La défense du logiciel libre passera-t-elle d'abord par les collectivités locales ? L'April a convaincu la sixième plus grande ville de France, Toulouse, d'adhérer à l'association de promotion du logiciel libre.

L’April, la plus importante association française de promotion et de défense du logiciel libre, a annoncé samedi que la ville de Toulouse devenait la première grande ville française à la rejoindre. En dehors de la région Ile-de-France, qui par nature ne compte pas dans les « villes » membres de l’April, l’association avait jusqu’à présent enregistré les adhésions beaucoup plus modestes de Grigny (69), Pierrefitte-sur-Seine (93), Pont-Audemer (27), et Yerres (91).

« Cette adhésion vient concrétiser les engagements pris à plusieurs reprises par Pierre Cohen, député-maire de Toulouse, en faveur du logiciel libre, notamment à l’occasion des deux signatures du Pacte du Logiciel Libre« , lors des élections législatives et municipales de 2007 et 2008, se félicite l’April.
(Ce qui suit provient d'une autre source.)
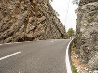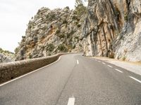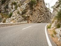 A straight road lined with an Armco barrier, with rock walls, clouds and nature in the background, in Mallorca, Spain, on the Balearic Islands in Europe.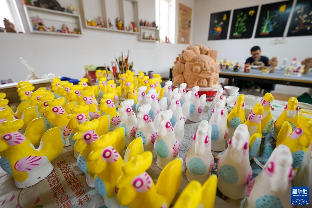 6月1日,泥塑艺人在河北省玉田县亮甲店镇的一家泥塑工作室内制作泥塑。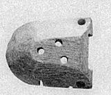 | Description: | A small object resembling the bowl of a spoon. Three holes pierced through the floor, and two grooves on either side. Rectangular projections at the "handle end", with holes for an attachment pin. For attachment to a box (?) | |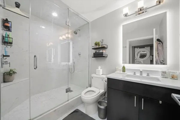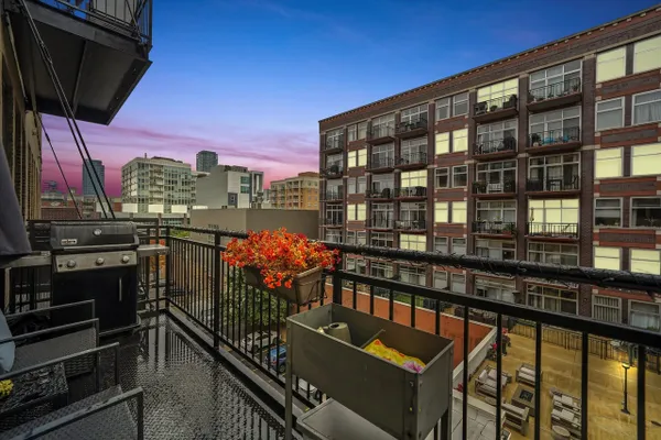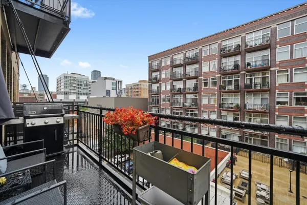 Welcome to this stylishly updated 1BD/1BA condo in one of West Loop's most desirable full-amenity buildings! This bright and spacious 4th-floor unit features soaring ceilings, a large private balcony, and an open-concept living/dining area perfect for entertaining. The kitchen was fully renovated in 2022 with sleek new cabinets, countertops, appliances, and a breakfast bar. Gorgeous hardwood floors were sanded and re-stained in 2022. The quiet bedroom has no shared walls and offers a generous walk-in closet. In-unit laundry and storage unit (064) included. Full-amenity building with 24-hr door staff, on-site management, fitness center, yoga room, theatre, business center, conference room, and party room with kitchen, grills, and pool table. Unbeatable location near parks, restaurants, shopping, transit, and expressways. Heated garage parking available for $25K (space P-137).

La signature a été officialisée samedi à l’occasion de La Novela, un « festival des savoir partagés » organisé chaque année dans la ville rose. « Cette adhésion témoigne de l’effort fait par la ville de Toulouse pour développer la part des logiciels libres mis à disposition de ses agents et de la volonté d’ouverture des marchés publics de la ville aux solutions libres », a expliqué Pierre Cohen.

En juillet dernier, la ville a publié un appel d’offres de « prestation de service de migration des outils bureautiques vers les logiciels libres au profit de la Ville de Toulouse ». Par ailleurs, à l’instar de Paris, Rennes ou Nantes, Toulouse s’est lancé dans l’Open Data et a déjà ouvert son portail dédié, sur lequel la ville publie des données publiques sous licence libre.

« Il existe, à Toulouse, une véritable culture du libre. Ces établissements publics, ces entreprises, ces laboratoires de recherche, ces associations et ces simples citoyens, qui vivent le libre au quotidien, représentent un fort potentiel d’innovation et de développement économique« , indique Sébastien Dinot, le vice-président de l’April.